■ **WHAT TO PRODUCE**: With pictures left out, copy exactly every line from the one containing "P010680a: Panoramafoto Bergwald" through the end of the material.
(Beginning of GIVEN DATA)
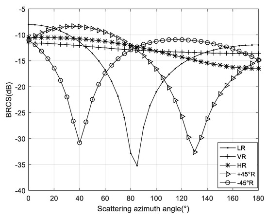 Figure 7 shows the relationship between BRCS and the scattering azimuth, the incident angle is 20°, and the scattering angle is 40°. It can be seen from the figure that the BRCS changes with different polarizations are quite different. For LR, +45° R and −45° R, the scattering azimuth decreases and then increases with the increase of the scattering azimuth angles. The scattering values of the three polarizations have grooves at different scattering azimuth angles. RV and RH polarizations show single change trends with the increase of scattering azimuth angles.
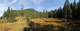P010680a: Panoramafoto Bergwald in Moorlandschaft
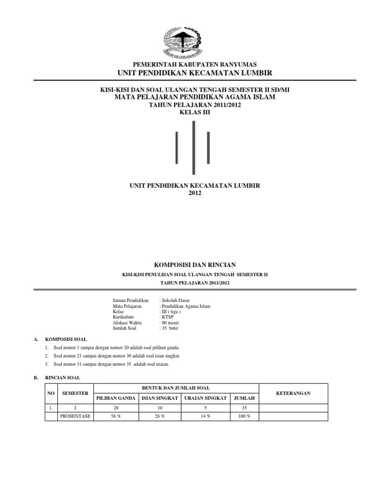 Kisi kisi soal pai sd kelas 6 semester 1kisi kisi soal pas sd semester 1 kelas 1 6.
(End of GIVEN DATA)
■ **REPLY TO THE EXERCISE**:
P010680a: Panoramafoto Bergwald in Moorlandschaft
 Kisi kisi soal pai sd kelas 6 semester 1kisi kisi soal pas sd semester 1 kelas 1 6.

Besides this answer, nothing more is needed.